Data to examine Block Start
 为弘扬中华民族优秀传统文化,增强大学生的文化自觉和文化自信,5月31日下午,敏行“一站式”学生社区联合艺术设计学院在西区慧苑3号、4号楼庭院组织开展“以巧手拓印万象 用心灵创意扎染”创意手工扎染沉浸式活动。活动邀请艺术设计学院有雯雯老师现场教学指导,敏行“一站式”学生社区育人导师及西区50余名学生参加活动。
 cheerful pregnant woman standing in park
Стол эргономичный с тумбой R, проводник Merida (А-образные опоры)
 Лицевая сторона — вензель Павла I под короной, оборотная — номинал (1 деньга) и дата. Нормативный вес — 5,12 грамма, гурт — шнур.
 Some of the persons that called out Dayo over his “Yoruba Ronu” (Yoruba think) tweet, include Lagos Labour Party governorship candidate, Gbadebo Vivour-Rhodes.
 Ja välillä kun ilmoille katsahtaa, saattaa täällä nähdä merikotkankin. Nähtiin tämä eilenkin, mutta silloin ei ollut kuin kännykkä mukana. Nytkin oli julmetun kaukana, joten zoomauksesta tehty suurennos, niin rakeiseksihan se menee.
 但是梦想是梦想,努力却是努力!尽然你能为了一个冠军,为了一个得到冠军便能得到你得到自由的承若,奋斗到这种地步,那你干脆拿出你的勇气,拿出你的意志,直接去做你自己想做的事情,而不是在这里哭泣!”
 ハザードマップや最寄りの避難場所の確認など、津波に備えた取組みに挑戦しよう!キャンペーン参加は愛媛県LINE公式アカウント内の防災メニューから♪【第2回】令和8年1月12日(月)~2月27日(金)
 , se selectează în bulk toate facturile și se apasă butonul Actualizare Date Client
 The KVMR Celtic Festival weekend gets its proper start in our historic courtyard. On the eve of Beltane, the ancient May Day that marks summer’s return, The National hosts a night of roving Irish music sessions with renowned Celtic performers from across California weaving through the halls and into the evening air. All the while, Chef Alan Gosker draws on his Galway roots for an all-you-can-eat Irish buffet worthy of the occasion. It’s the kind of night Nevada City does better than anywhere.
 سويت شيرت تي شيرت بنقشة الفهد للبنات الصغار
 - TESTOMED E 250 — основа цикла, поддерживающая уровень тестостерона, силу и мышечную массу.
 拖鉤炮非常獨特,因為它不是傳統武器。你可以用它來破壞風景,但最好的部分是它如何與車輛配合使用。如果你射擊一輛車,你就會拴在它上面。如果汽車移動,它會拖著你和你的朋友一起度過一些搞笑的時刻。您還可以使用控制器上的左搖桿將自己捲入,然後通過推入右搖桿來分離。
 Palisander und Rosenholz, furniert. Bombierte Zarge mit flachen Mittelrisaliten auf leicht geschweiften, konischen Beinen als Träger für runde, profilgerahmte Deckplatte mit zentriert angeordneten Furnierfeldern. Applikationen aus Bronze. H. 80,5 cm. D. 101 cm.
Data to examine Block End
_Work required_.
Write out the data again, exactly and in full.

_Result_.
 为弘扬中华民族优秀传统文化,增强大学生的文化自觉和文化自信,5月31日下午,敏行“一站式”学生社区联合艺术设计学院在西区慧苑3号、4号楼庭院组织开展“以巧手拓印万象 用心灵创意扎染”创意手工扎染沉浸式活动。活动邀请艺术设计学院有雯雯老师现场教学指导,敏行“一站式”学生社区育人导师及西区50余名学生参加活动。
 cheerful pregnant woman standing in park
Стол эргономичный с тумбой R, проводник Merida (А-образные опоры)
 Лицевая сторона — вензель Павла I под короной, оборотная — номинал (1 деньга) и дата. Нормативный вес — 5,12 грамма, гурт — шнур.
 Some of the persons that called out Dayo over his “Yoruba Ronu” (Yoruba think) tweet, include Lagos Labour Party governorship candidate, Gbadebo Vivour-Rhodes.
 Ja välillä kun ilmoille katsahtaa, saattaa täällä nähdä merikotkankin. Nähtiin tämä eilenkin, mutta silloin ei ollut kuin kännykkä mukana. Nytkin oli julmetun kaukana, joten zoomauksesta tehty suurennos, niin rakeiseksihan se menee.
 但是梦想是梦想,努力却是努力!尽然你能为了一个冠军,为了一个得到冠军便能得到你得到自由的承若,奋斗到这种地步,那你干脆拿出你的勇气,拿出你的意志,直接去做你自己想做的事情,而不是在这里哭泣!”
 ハザードマップや最寄りの避難場所の確認など、津波に備えた取組みに挑戦しよう!キャンペーン参加は愛媛県LINE公式アカウント内の防災メニューから♪【第2回】令和8年1月12日(月)~2月27日(金)
 , se selectează în bulk toate facturile și se apasă butonul Actualizare Date Client
 The KVMR Celtic Festival weekend gets its proper start in our historic courtyard. On the eve of Beltane, the ancient May Day that marks summer’s return, The National hosts a night of roving Irish music sessions with renowned Celtic performers from across California weaving through the halls and into the evening air. All the while, Chef Alan Gosker draws on his Galway roots for an all-you-can-eat Irish buffet worthy of the occasion. It’s the kind of night Nevada City does better than anywhere.
 سويت شيرت تي شيرت بنقشة الفهد للبنات الصغار
 - TESTOMED E 250 — основа цикла, поддерживающая уровень тестостерона, силу и мышечную массу.
 拖鉤炮非常獨特,因為它不是傳統武器。你可以用它來破壞風景,但最好的部分是它如何與車輛配合使用。如果你射擊一輛車,你就會拴在它上面。如果汽車移動,它會拖著你和你的朋友一起度過一些搞笑的時刻。您還可以使用控制器上的左搖桿將自己捲入,然後通過推入右搖桿來分離。
 Palisander und Rosenholz, furniert. Bombierte Zarge mit flachen Mittelrisaliten auf leicht geschweiften, konischen Beinen als Träger für runde, profilgerahmte Deckplatte mit zentriert angeordneten Furnierfeldern. Applikationen aus Bronze. H. 80,5 cm. D. 101 cm.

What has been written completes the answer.